## What you will do
Skip the pictures, and retype the data below in full, exactly.

## Available data
__________

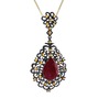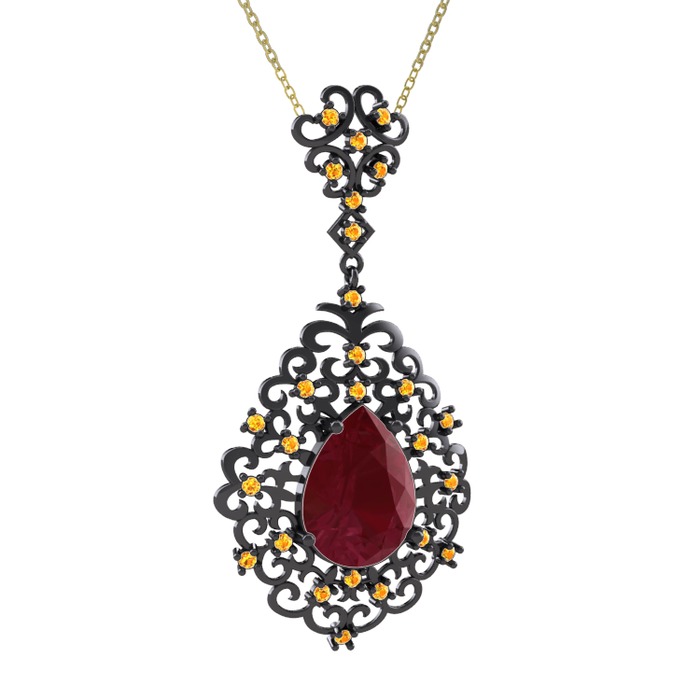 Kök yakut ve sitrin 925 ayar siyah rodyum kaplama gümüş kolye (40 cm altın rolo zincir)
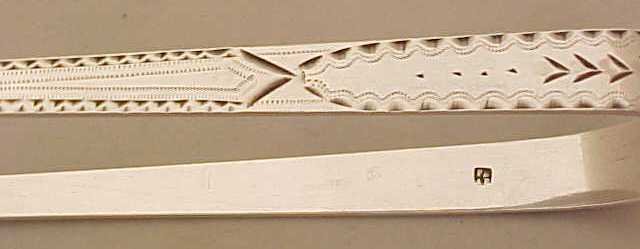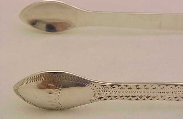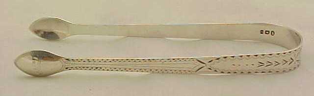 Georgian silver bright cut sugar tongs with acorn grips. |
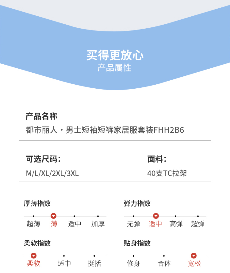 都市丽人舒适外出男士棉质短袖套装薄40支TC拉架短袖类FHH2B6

__________

## Exercise answer
 Kök yakut ve sitrin 925 ayar siyah rodyum kaplama gümüş kolye (40 cm altın rolo zincir)
 Georgian silver bright cut sugar tongs with acorn grips. |
 都市丽人舒适外出男士棉质短袖套装薄40支TC拉架短袖类FHH2B6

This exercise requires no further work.